The effect of overexpression of HOXD10 on cell cycle progression was examined via PI staining followed by FACS analysis. As shown in Fig. 3A–C, cells overexpressing HOXD10 accumulated in the G1 phase compared with the control cells and showed a corresponding decrease in cell numbers in the S and G2/M phase. Additionally, the percentages of early cell apoptosis (right lower quadrant) were markedly increased in the two CCC cell lines after transfection with HOXD10 lentivirus (Fig. 3D and E, P<0.05). These results indicated that stable HOXD10 overexpression inhibited RBE and HCCC-9810 cell proliferation by inducing G1/S phase arrest and apoptosis.

Figure 3.

Figure 3

Effects of HOXD10 overexpression on cell cycle progression, apoptosis and cell invasion. (A) G1 phase cell cycle arrest induced by overexpression of HOXD10 in RBE and HCCC-9810 cells. (B and C) A statistical plot of cell cycle distributions of RBE and HCCC-9810 cells in each group, **P=0.003. (D) Population of early apoptosis in RBE and HCCC-9810 cells. (E) Statistical plot of percentages of early apoptosis in RBE and HCCC-9810 cells, *P<0.05. (F) Representative photos of crystal violet-stained RBE and HCCC-9810 cells that invaded through Matrigel of the invasion chamber. (G) Statistical plot of the average number of invaded RBE and HCCC-9810 cells in each group. The graph shows the mean ± SD, ***P<0.001. CTRL, blank control; Ne-CTRL, cells transduced with negative HOXD10 lentivirus; Lv-HOXD10, cells transfected with positive HOXD10 lentivirus; CCC, cholangiocellular carcinoma.
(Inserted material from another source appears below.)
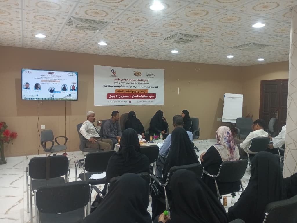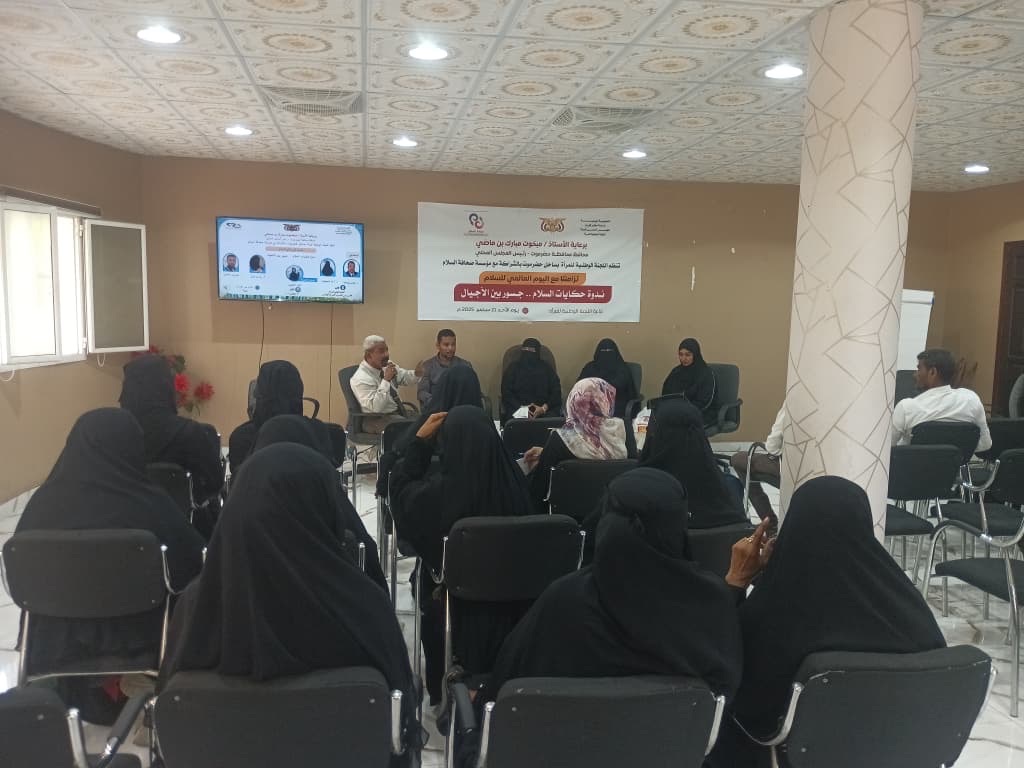 بمناسبة اليوم العالمي للسلام، نظمت مؤسسة صحافة السلام بالشراكة مع اللجنة الوطنية للمرأة بساحل حضرموت ندوة حوارية بعنوان “حكايات السلام .. جسور بين الأجيال” تحت شعار “حكاياتنا خطواتنا للسلام”، وذلك بمشاركة نخبة من المتحدثين والمهتمين بالشأن المجتمعي والشبابي في مدينة المكلا جنوبي اليمن.

Effect of HOXD10 overexpression on invasive potential of RBE and HCCC-9810 cells

The clinical spread of CCC is characterized by expansion and invasive growth along the lymphangion or perineurium or direct invasion into the liver. HOXD10 has been shown to mediate the invasion of breast, gastric, malignant glioma, ovarian, bladder and hepatocellular cancer (1215,18,19). Thus, we examined whether HOXD10 was involved in the invasion of RBE and HCCC-9810 cells. A Matrigel invasion Transwell assay was conducted to confirm the effect of HOXD10 on the invasive properties of cholangiocarcinoma cell lines. As expected, stable overexpression of HOXD10 significantly decreased the invasive potential of both the RBE and HCCC-9810 cell lines (Fig. 3F and G, P<0.001), suggesting that HOXD10 was associated with the metastatic capacity of CCC. These results elucidated the aforementioned correlation of lower HOXD10 expression with poor prognosis of CCC patients. Furthermore, the effects of upregulated HOXD10 on the expression of tumor invasion compared to the regulators were examined using RT-PCR and western blot analysis. As shown in Fig. 4A and B, the mRNA and protein expression of MMP2 and MMP9 was significantly inhibited in the Lv-HOXD10 group compared with the Ne-CTRL and CTRL group, while no significant change was observed in the expression of MMP14. These results suggested that overexpression of HOXD10 inhibited the invasion of CCC cells, possibly partly by disturbing the expression of MMP2 and MMP9.

Figure 4.

Figure 4

Expression of MMP2, MMP9 and MMP14 and RHOC/AKT/ERK activities in RBE and HCCC-9810 cells. (A and B) Decreased relative mRNA and protein expressions of MMP2, MMP9 and the unchanged expression of MMP14 in RBE and HCCC-9810 cells. (C) Suppressed protein expression levels of RHOC, phosphorylated AKT, and phosphorylated ERK (1/2), and unchanged expression of AKT and ERK (1/2) in RBE and HCCC-9810 cells compared with the control groups. CTRL, blank control; Ne-CTRL, cells transfected with negative HOXD10 lentivirus; Lv-HOXD10, cells transfected with positive HOXD10 lentivirus; CCC, cholangiocellular carcinoma.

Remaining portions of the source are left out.